Am I the onliest one who realizes human beings were meant to drop dead around age 35? Last week my intermittent lower back pain morphed into chronic unending agony. It hurt to stand up and I was walking like I had a load in my pants, George W. Bush-style. Off we trotted to my beloved Dr. Jeany Tay at South San Francisco Kaiser.
“Does it hurt here?” “Yes.” “Here?” “Yes.” “And here?” “YES, YES, YES.”
She proceeded to demonstrate my herniated disks and pinched nerves on various human body wall charts. My micro-tears had joined forces to create one jumbo tear. It turns out muscles don’t like being ripped up. Apparently, undigging my dog’s massive holes without squatting properly had not done a body good.

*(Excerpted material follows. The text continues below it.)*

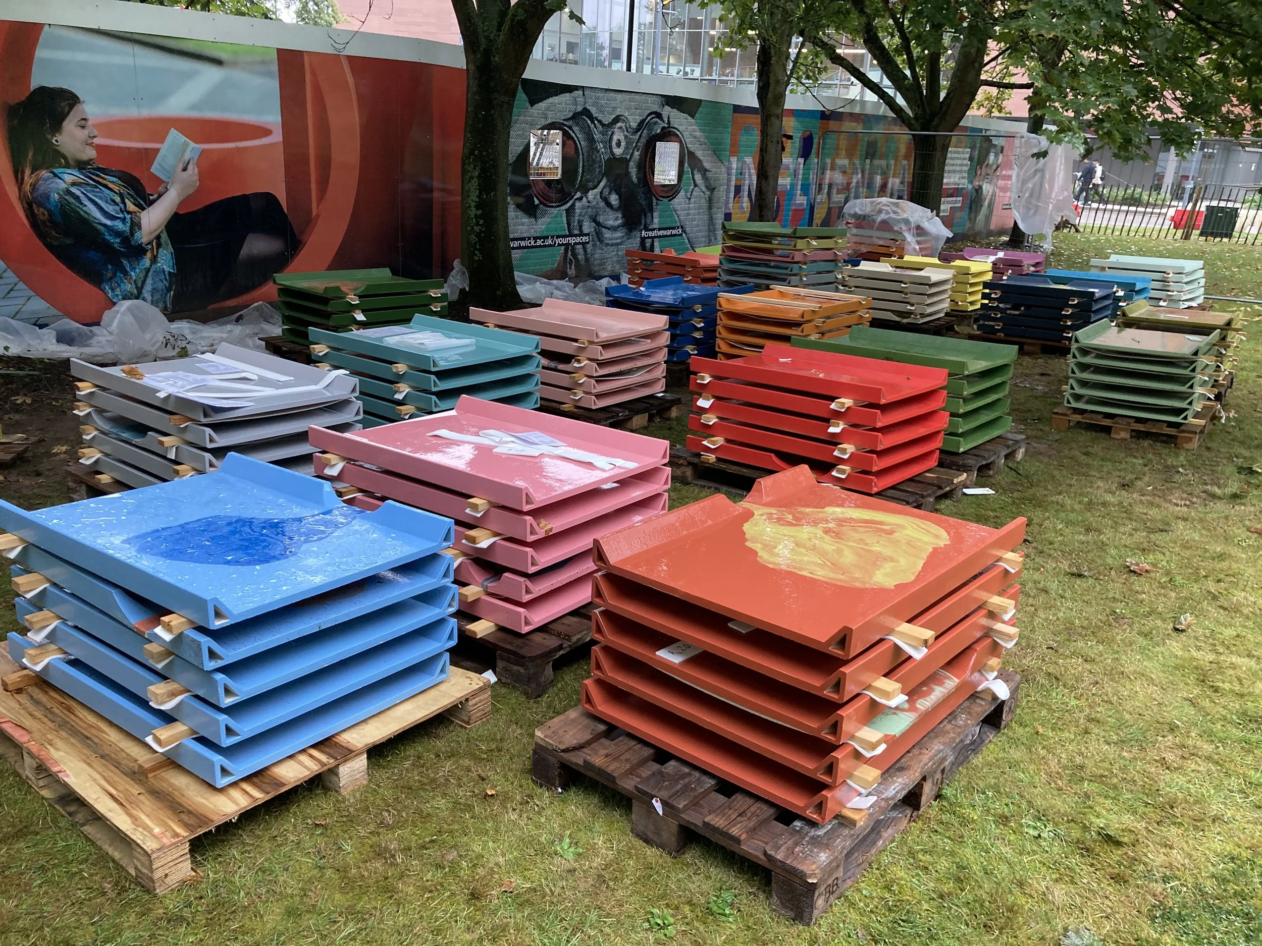 MR: Colour is something that occupies me more and more. Tiles are and have been coloured forever, so I’m in good company, but it is tricky for me as I find it joyous and freeing whilst also demanding of a justification and reason to use it. My wife, graphic designer Marine Duroselle, is very confident with colour and doesn’t understand my inner struggle, but I don’t have the background – Manchester is well grey! – and experience to simply pluck a palette and roll with it. A self-led project this year titled Congregate will allow me and colour to move with more fluidity, and I’m looking forward to that! However, for site-specific work, I believe that I need to reference and or ask the people and community who will live with the piece what they think. I needed twenty-one colours for Warwick - a lasting nod to Coventry being the UK City of Culture 2021 - and had to make my selection in lockdown without being able to get on their campus and to the local area. So, with lots of help, I came up with an online exercise that asked local people literally and metaphorically about colour in their area. The results were amazing, and the answers directly created a database of colour that I could then artistically choose from. For a new mural in Leeds, I focused in on a pallet of colour that was used by the Burmantofts Pottery – a local, now closed factory that produced influential works in the 19th Century. I guess I’m always looking for a related steer, and once I have the info, then that frees me up to use it how I see fit.

At least I didn’t have shooting pains down my legs or numbness of the feet. She warned me that if I couldn’t pee or lost feeling in my anus, I should proceed directly to the ER. All righty, then.

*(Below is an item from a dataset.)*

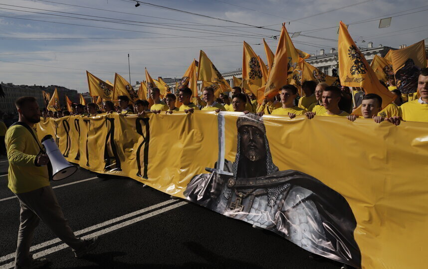 Во главе колонны прошли представители митрополии и городской власти, в том числе ректор СПбГУ Николай Кропачев, спикер Заксобрания Александр Бельский и депутат Госдумы Михаил Романов. Кроме того, среди участников были военнослужащие, представители движений "Общество. Будущее" и "Русская община", которые принесли на крестный ход иконы и имперские флаги.

And then she uttered the magic words: Bed Rest. For at least three days. No lifting. No exercise. No shoveling. I was made for this. Not to brag, but my DVR is down to 0% and I have reread Gone With the Wind. (I’m not kidding. All 959 pages of the new edition with an introduction by Pat Conroy.) No idler, I.
Of course, my male nurse Florenz Nightingale, better known as the Lord & Master, had the – how shall I put it? – balls to suggest a little roll in the hay as he perfected his lurch and stop driving method on the way home from the doctor’s office. One rain check coming right up, Bub. (Trust me, he collected as soon as humanly possible. I don’t know whether I should be flattered or enraged.)
When I was in college I had a violently positive reaction to that little circle of pin pricks on the inner wrist for tuberculosis. Next thing I knew the State of Massachusetts insisted on stamping out the dormant TB germs in my lungs lest I flower into full coughing mode. The year long program consisted of pills and x-rays issued to a passel of drunkards and sweet little me. I’d rather have taken the cure at Baden Baden.
Around that same time, I became incensed watching the evening news when they announced that German measles had been conquered. Excuse me? I enjoyed a glorious, pain free two weeks at home during third grade courtesy of those teutonic measles and some follow-up malady called the Echo Virus. “That’s criminal,” I sputtered, “that was the best disease I ever had!”
The fact is I cannot wait to be laid up for good. I’m gonna make a happy old broad. A bed, a book, a television – bliss. Jewish Home for the Aged, here I come.